Standard flow (default)

flowchart TD
Signoff([Spec sign-off — human gate]) --> Bundles[Generate per-phase bundles<br/>dev-bundle.md + tester-bundle.md]
Bundles --> DevOps{New infra needed?}
DevOps -- yes --> DevOpsAgent[DevOps agent<br/>Opus]
DevOps -- no --> Dev
DevOpsAgent --> Dev[Developer agent<br/>Opus<br/>writes code + DoD coverage]
Dev --> DoDCheck[DoD-checker<br/>Haiku<br/>verifies every ✓ row]
DoDCheck -- BLOCKED --> Dev
DoDCheck -- APPROVED --> Reviewer[Reviewer agent<br/>Sonnet<br/>coverage-aware checklist]
Reviewer -- request changes<br/>iter 1-2 --> Dev
Reviewer -- iter 3 final --> Escalate[ESCALATED to human]
Reviewer -- approved --> Tester[Tester agent<br/>Sonnet<br/>writes tests + runs full suite]
Tester --> UpdateSpecs[update-specs<br/>Opus<br/>distill plan/task into As-built notes]
UpdateSpecs --> Merge([Human confirms merge])

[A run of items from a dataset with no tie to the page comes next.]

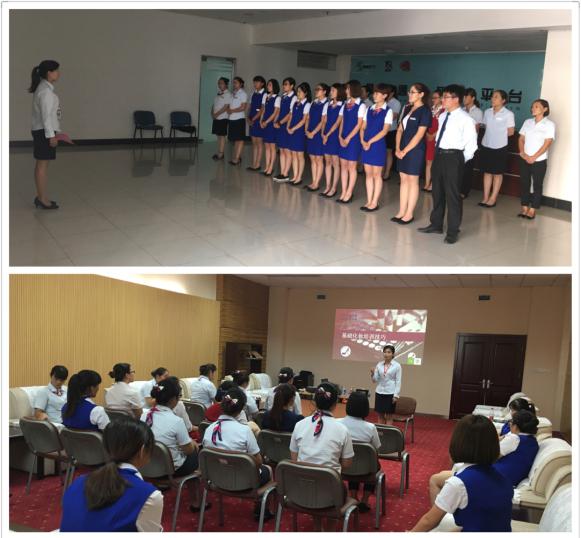 培訓講師郭娜對崗間客服人員站姿、坐姿、行姿、會務接待、指引、電話禮儀等結合實際工作流程做了實質性操作練習。
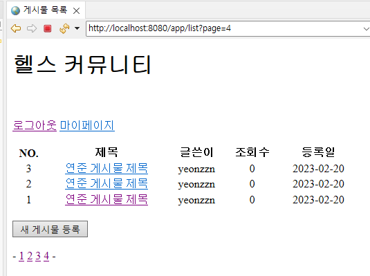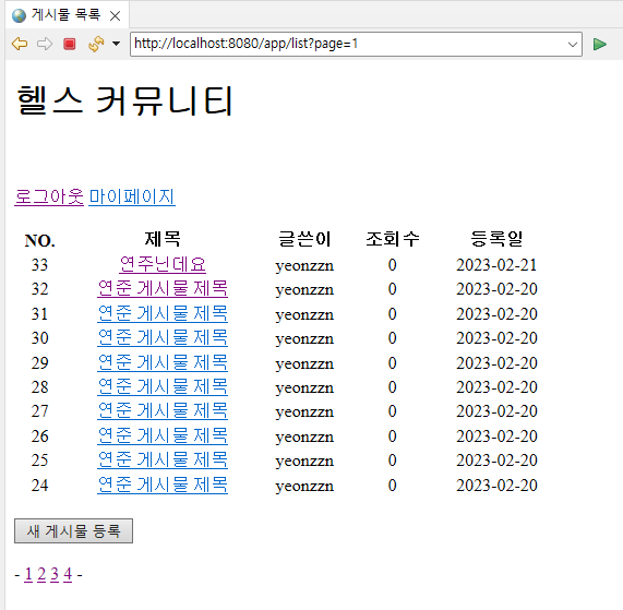 2일차 - 게시물 목록의 페이징 처리프로젝트 일지/Spring 프로젝트- 헬스 커뮤니티 2023. 2. 21. 16:59
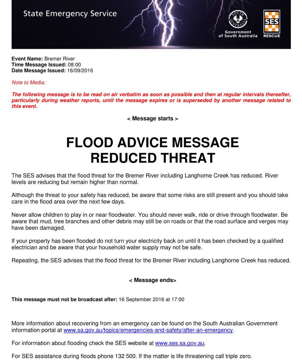 Flood threat advice - please click on the link belowhttps://twitter.com/SA_SES/status/776558237378236416 …
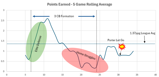 This represents a rolling 5-game average in terms of points per game. The league average was 1.37 ppg earned. The Revs did have a good stretch of about 6 weeks where they averaged above that mark.

Complex flow (multi-service features)

When the feature touches both backend and frontend, the orchestrator runs Backend and Frontend tracks in parallel. Each track has its own DoD-checker and Reviewer; the Tester runs once at the end against both completed tracks.

flowchart TD
Signoff([Spec sign-off]) --> Bundles[Per-phase bundles]
Bundles --> DevOps[DevOps if needed]
DevOps --> Parallel{{Parallel: BE ‖ FE}}
Parallel --> BEDev[Backend Developer]
Parallel --> FEDev[Frontend Developer]
BEDev --> BEDoD[DoD-checker BE]
FEDev --> FEDoD[DoD-checker FE]
BEDoD --> BERev[Backend Reviewer<br/>loop max 3]
FEDoD --> FERev[Frontend Reviewer<br/>loop max 3]
BERev --> Tester[Tester<br/>both tracks complete]
FERev --> Tester
Tester --> UpdateSpecs[update-specs]
UpdateSpecs --> Merge([Human confirms merge])

Simple flow

For trivial diffs (typo fix, copy edit, single-rule refactor) the orchestrator collapses Developer + Tester into a single agent and skips the DoD-checker (the agent runs the DoD verification gate inline). Optional Reviewer based on whether the agent flags ## Open Questions.

Agent isolation

Each agent runs as a separate Agent tool spawn. The subagent:

  • Starts with a clean context (does NOT inherit the orchestrator’s history).
  • Reads only the files listed in its prompt’s reading order.
  • Writes one handoff file with a structured Status block.
  • Cannot ask the human directly — ambiguities surface via ## Open Questions + Status: blocked in the handoff, which the orchestrator reads and surfaces between phases.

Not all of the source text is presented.